WORK TO BE COMPLETED:
Each line between the one holding "Now today we" and the end of the material below, both included, is to be transcribed word for word, with pictures left out.

AVAILABLE DATA:
——————————

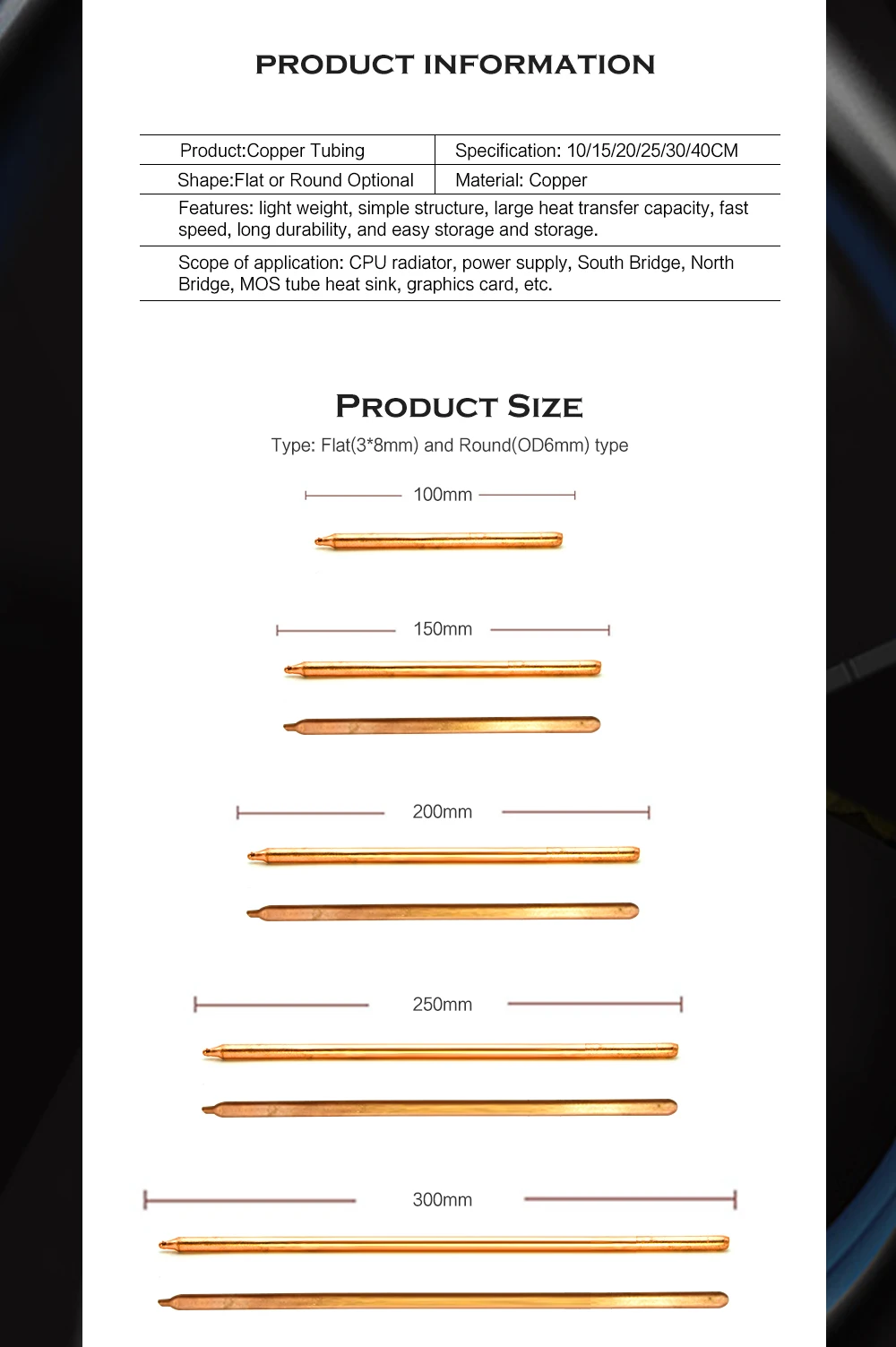Полный Медь охлаждения трубки для портативного компьютера Тетрадь радиатор тепловая трубка с плоским экраном или круглая Форма 100/150/200/250/300/400 мм
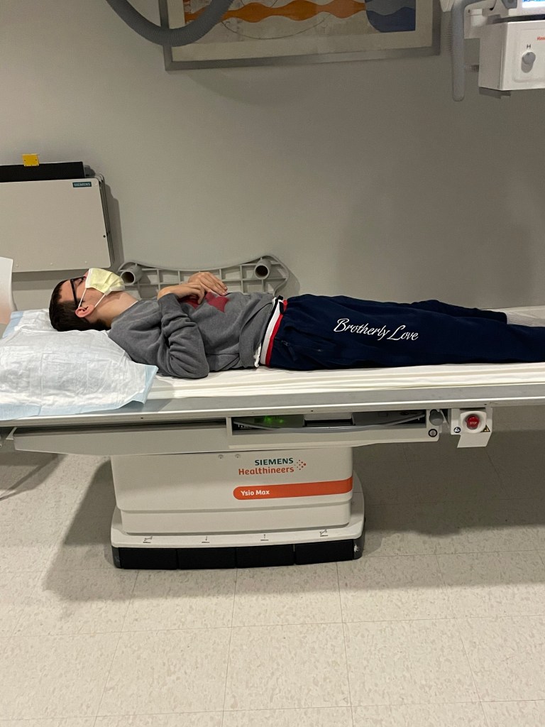 Now today we had Eli’s one year post op and I woke with a sick feeling. Not knowing if some of the things we see, or don’t see are because we aren’t working with him enough, because of the atrophy in his legs or simply because of MLD and how it continues to affect him. After some X-Rays and a nice long chat with the doctor, we learned that Eli’s legs are still straight, the titanium is still holding him together and orthopedic wise, he is good to go!!
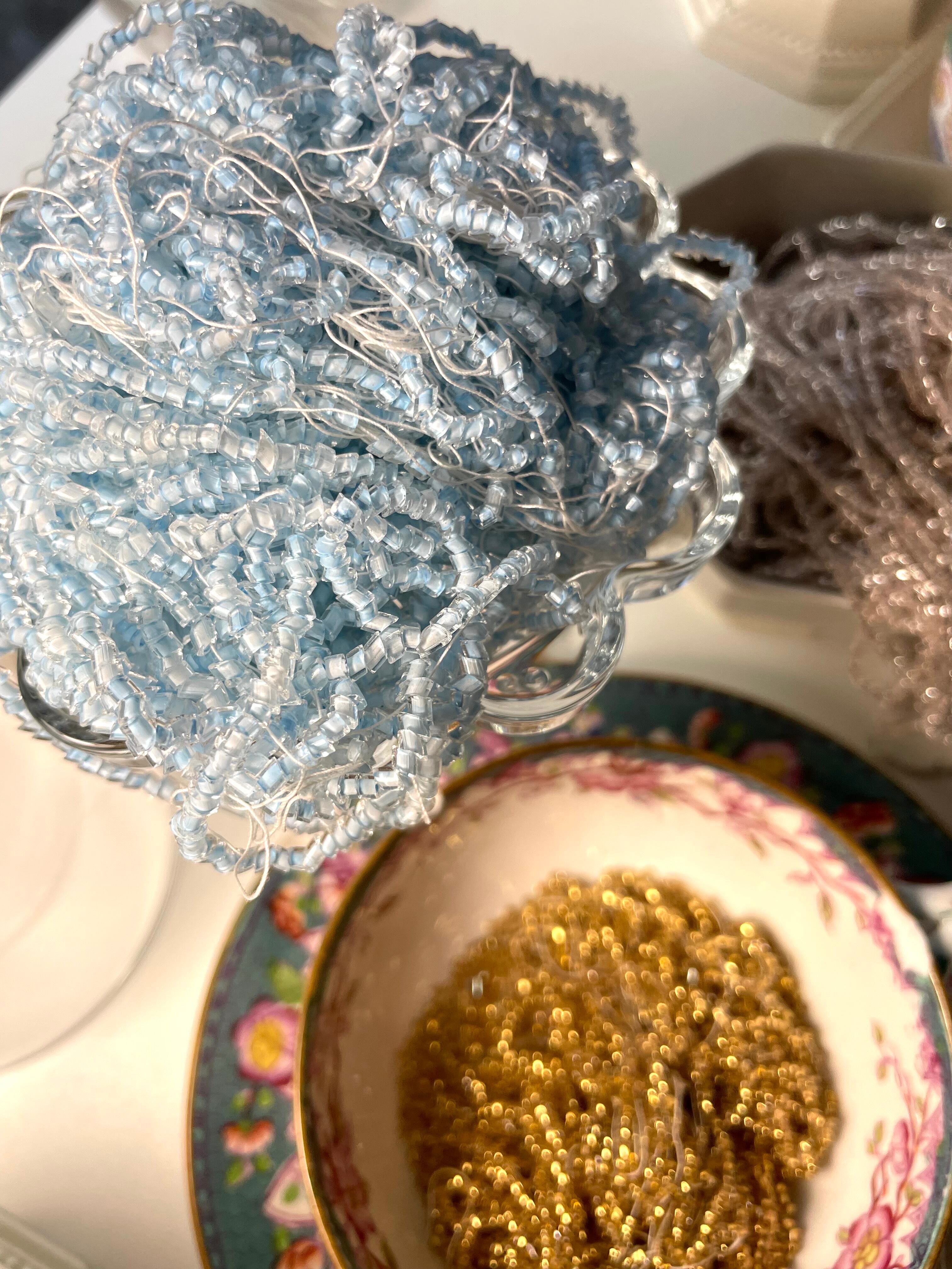 不揃いなビーズが現行品にはない素敵な作品を生み出します。

——————————

RESULT OF THE TASK:
 Now today we had Eli’s one year post op and I woke with a sick feeling. Not knowing if some of the things we see, or don’t see are because we aren’t working with him enough, because of the atrophy in his legs or simply because of MLD and how it continues to affect him. After some X-Rays and a nice long chat with the doctor, we learned that Eli’s legs are still straight, the titanium is still holding him together and orthopedic wise, he is good to go!!
 不揃いなビーズが現行品にはない素敵な作品を生み出します。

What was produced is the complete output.